━━━━━ RECORDS
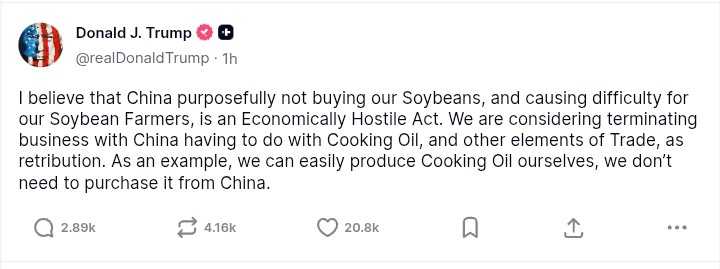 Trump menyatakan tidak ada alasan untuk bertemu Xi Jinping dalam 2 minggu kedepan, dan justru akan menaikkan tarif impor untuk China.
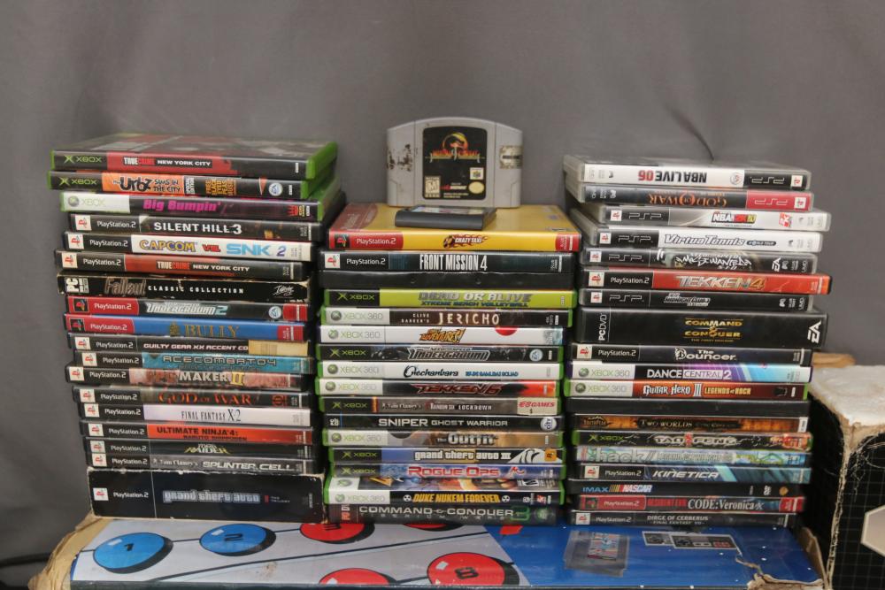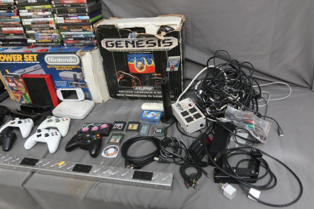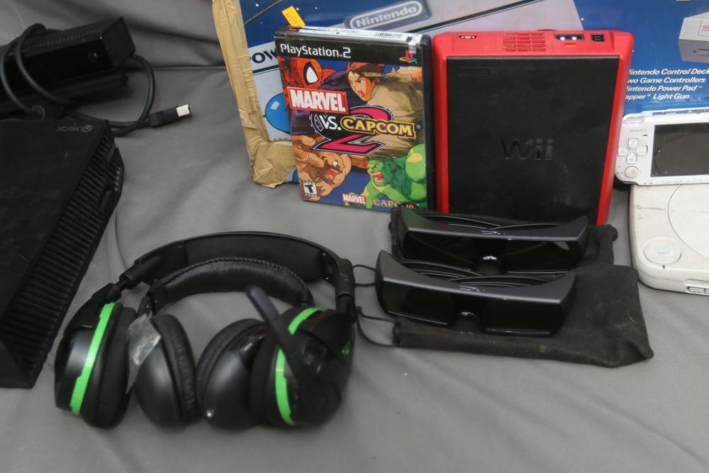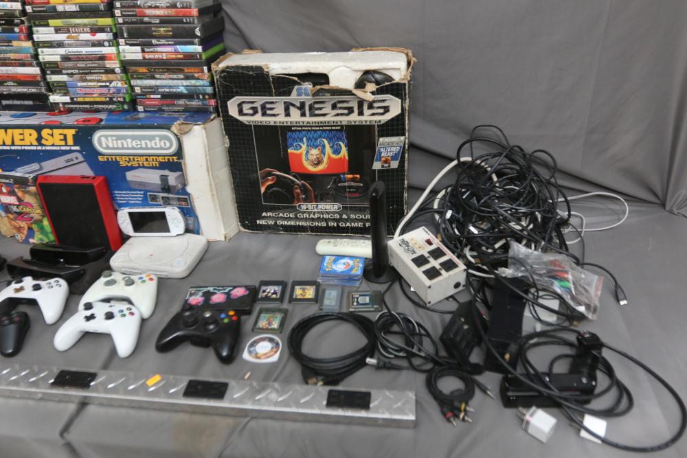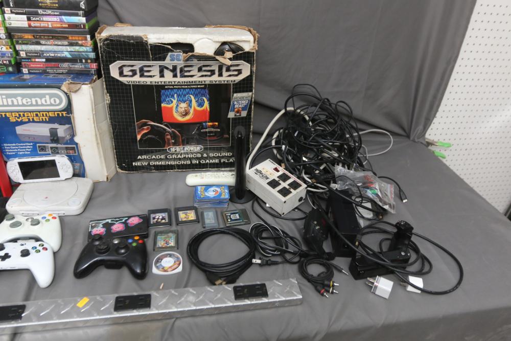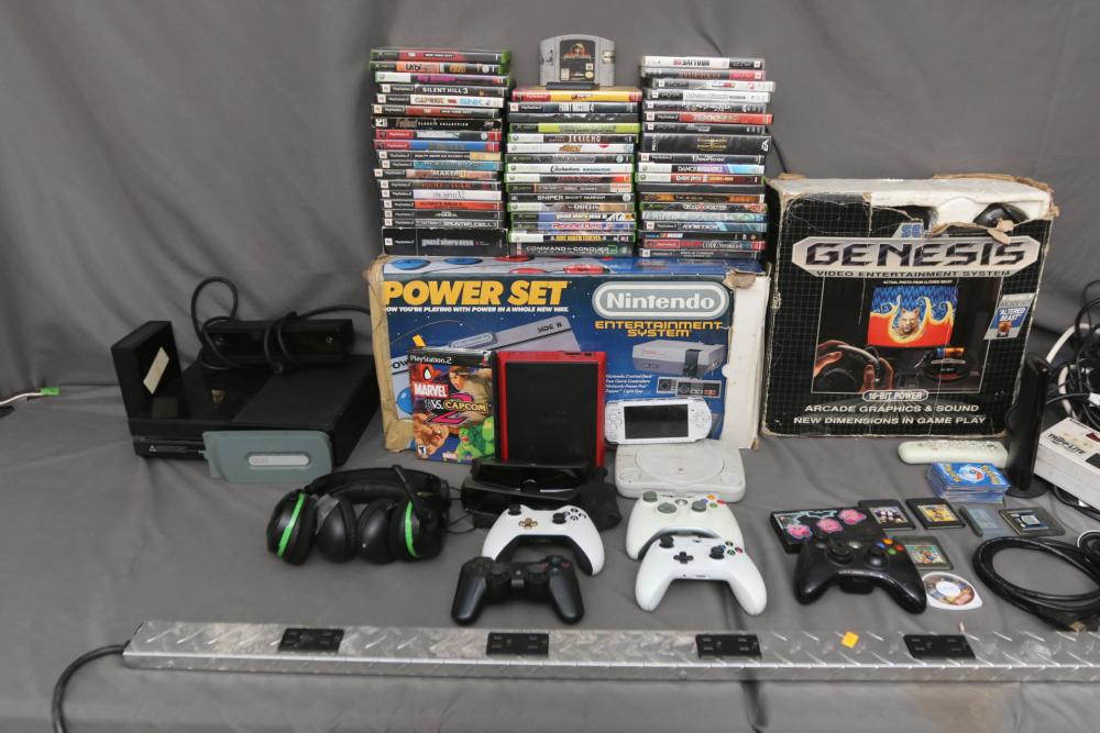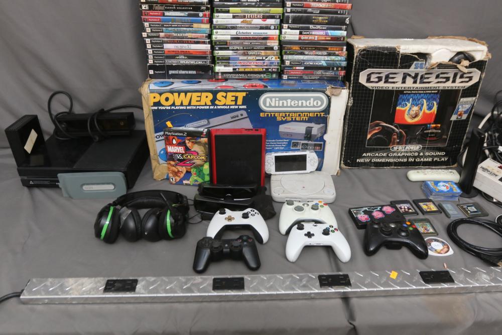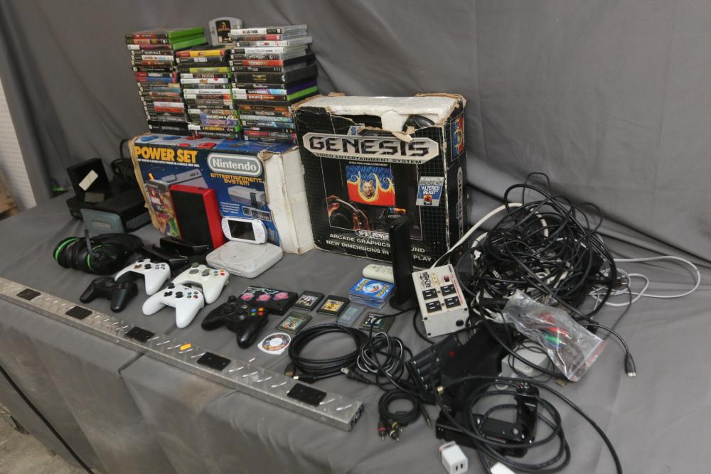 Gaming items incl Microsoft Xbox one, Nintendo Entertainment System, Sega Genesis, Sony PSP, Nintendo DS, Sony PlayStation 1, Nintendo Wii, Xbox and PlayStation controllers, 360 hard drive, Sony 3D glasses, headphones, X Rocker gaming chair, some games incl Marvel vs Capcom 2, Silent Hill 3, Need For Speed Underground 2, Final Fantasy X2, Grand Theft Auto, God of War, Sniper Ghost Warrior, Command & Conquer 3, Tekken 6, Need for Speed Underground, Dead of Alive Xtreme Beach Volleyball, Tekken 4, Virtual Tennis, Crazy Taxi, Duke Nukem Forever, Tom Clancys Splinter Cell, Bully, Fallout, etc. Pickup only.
━━━━━━━━━━
━━━━━ RECORDS
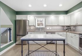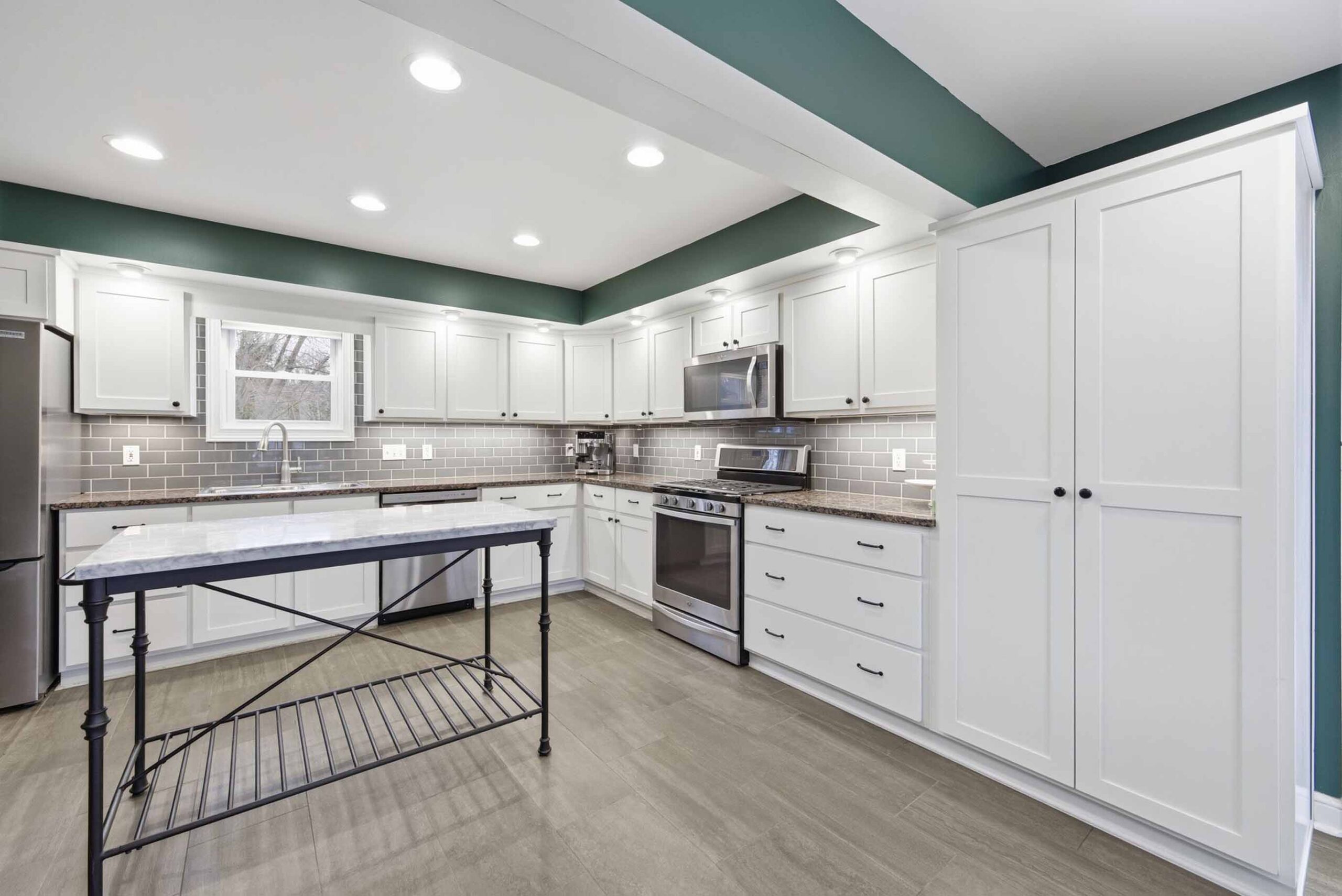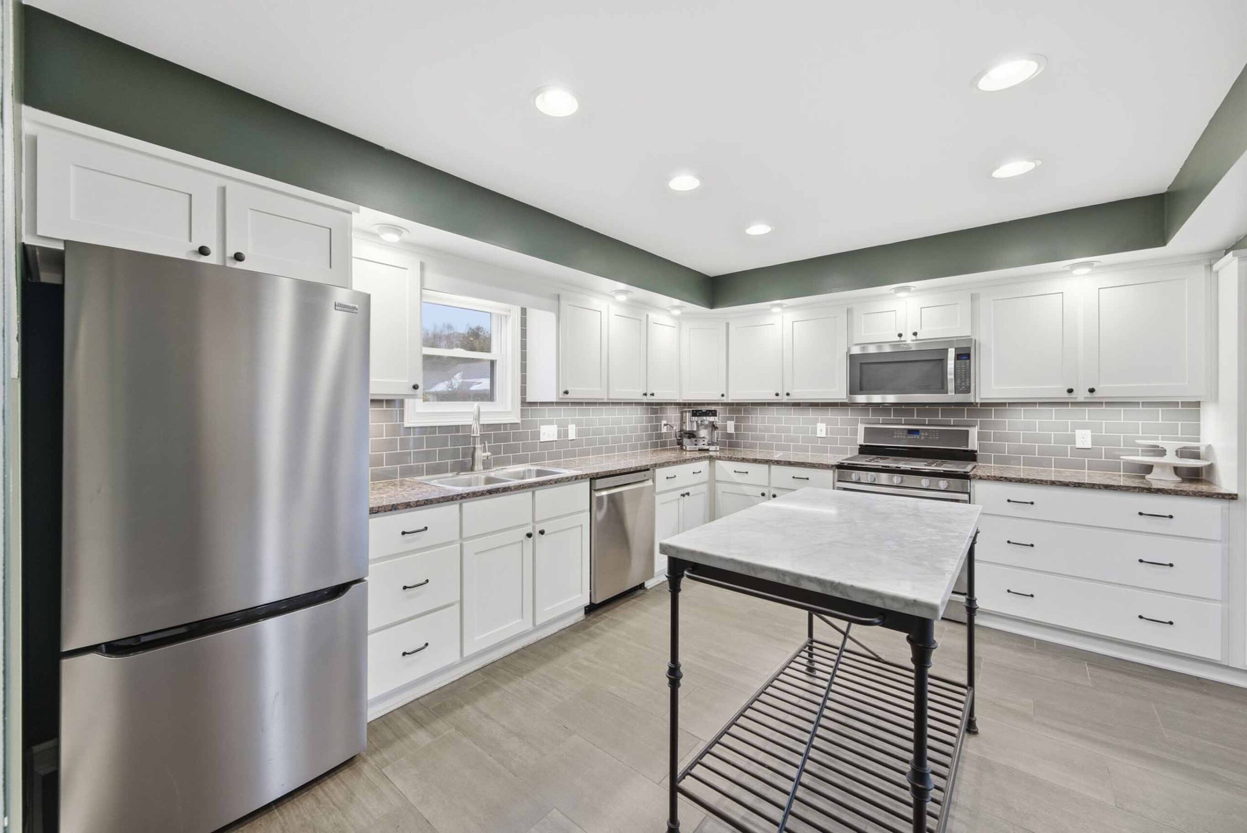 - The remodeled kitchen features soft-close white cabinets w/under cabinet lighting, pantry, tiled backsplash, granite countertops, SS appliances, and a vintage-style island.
━━━━━━━━━━
-- WHAT YOU ARE ASKED TO DO --
Print, word for word, the lines above that run from the line containing "Trump menyatakan tidak" to the line containing "Gaming items incl", both included. Keep the pictures out.

-- RESPONSE TO THE TASK --
 Trump menyatakan tidak ada alasan untuk bertemu Xi Jinping dalam 2 minggu kedepan, dan justru akan menaikkan tarif impor untuk China.
 Gaming items incl Microsoft Xbox one, Nintendo Entertainment System, Sega Genesis, Sony PSP, Nintendo DS, Sony PlayStation 1, Nintendo Wii, Xbox and PlayStation controllers, 360 hard drive, Sony 3D glasses, headphones, X Rocker gaming chair, some games incl Marvel vs Capcom 2, Silent Hill 3, Need For Speed Underground 2, Final Fantasy X2, Grand Theft Auto, God of War, Sniper Ghost Warrior, Command & Conquer 3, Tekken 6, Need for Speed Underground, Dead of Alive Xtreme Beach Volleyball, Tekken 4, Virtual Tennis, Crazy Taxi, Duke Nukem Forever, Tom Clancys Splinter Cell, Bully, Fallout, etc. Pickup only.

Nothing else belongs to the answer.